Correct, correct and correct. BTW how do we know the first 20 bits should be split 8|12?

"I probably have to change 1,787 to a binary number"

Correct.

"which gives me: 11011111011"

Yes and no, remember you wrote "the next 12 bits for subnet", so 0110 1111 1011, is our 12 bits. (Possibly a key thing to remember, a IPv4 address is 32 bits, we need to account for all of them [bits]; don't forget we don't want to suppress leading zeros.)

"267 = 100001011"

How many bits do we need for host #? You wrote " leaving the last 12 bits for the host #." So, 0001 0000 1011, is our 12 bits.

Can you continue from here?

David Lapointe · ‎10-13-2022

''Correct, but, BTW, why is it a Class A?''

Because 111 fits in between 1 and 128. Class A IP addresses start with a number ranging from 1 to 128.

''BTW how do we know the first 20 bits should be split 8|12?''

Because the Network part of an IP address is static, and in a class A the Network are the 8 first bits starting from the left.

I see what you did there.
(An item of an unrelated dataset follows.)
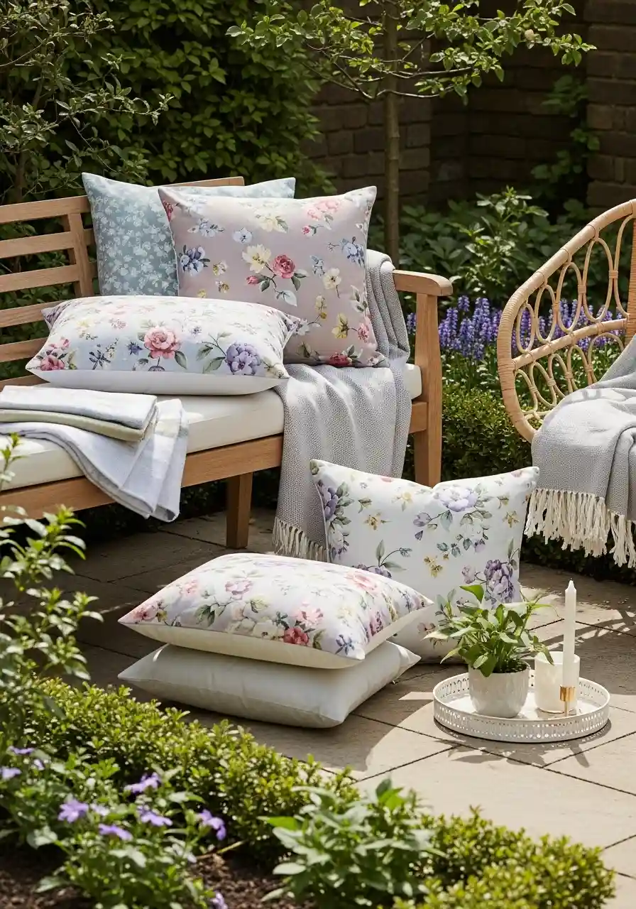 Add soft, weather-resistant cushions in light spring tones. This brings comfort and a fresh seasonal feel.
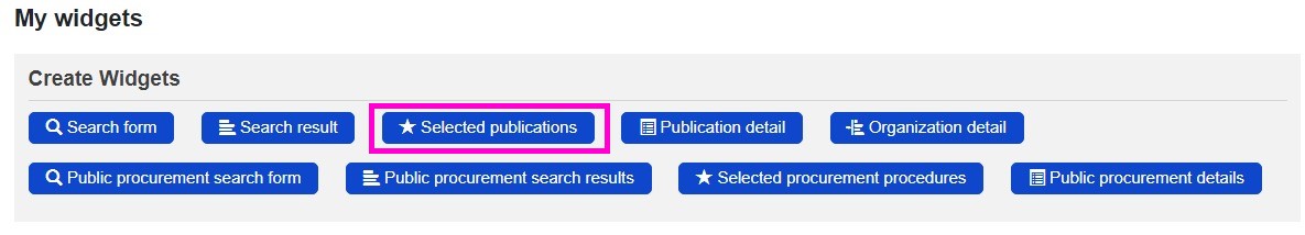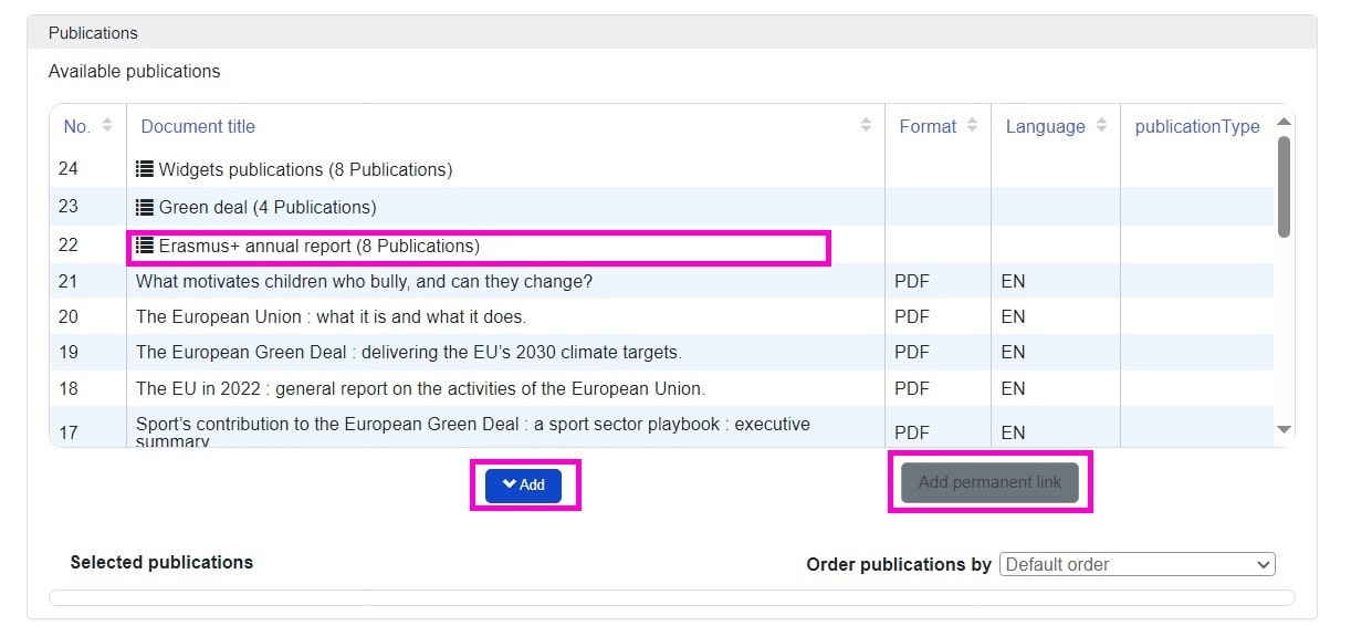 Note that there are two ways to add publications to this widget. The first is to create and save a list of publications in your profile. The second is via the "Add URL" button in the widget creator, URLs should be a property of the Publications Office portal. Example:

If I understand correctly, now I just need to put that long sequence of binary numbers starting from the left side, just after the Network Id.

01101111 10110001 00001011 = 111.177.11 in decimal. To which we add the first 111, for a final result of : 111.111.177.11

Joseph W. Doherty · ‎10-13-2022

"Because 111 fits in between 1 and 128. Class A IP addresses start with a number ranging from 1 to 128."

Correct, because in binary, the first bit is zero. On very old/early computers, this was an efficient way to determine whether the network was a Class A. Also, if the first bit is 1 and the second bit is a zero, it's a Class B.

"Because the Network part of an IP address is static, and in a class A the Network are the 8 first bits starting from the left."

Correct.

"I see what you did there. If I understand correctly, now I just need to put that long sequence of binary numbers starting from the left side, just after the Network Id.

01101111 10110001 00001011 = 111.177.11 in decimal. To which we add the first 111, for a final result of : 111.111.177.11"

Correct!!! Final result look familiar? Did working through this help in your understanding?

David Lapointe · ‎10-13-2022

Yes! Yes indeed, it was very helpful. My teacher did not teach clearly about the relationship between the Mask # and the subsequent byte from the IP address. Now I get i, thanks to your clear and helpful explanations.

Thank you for taking the time to assist me through the whole thing, and getting me to grasp the missing pieces in the puzzle.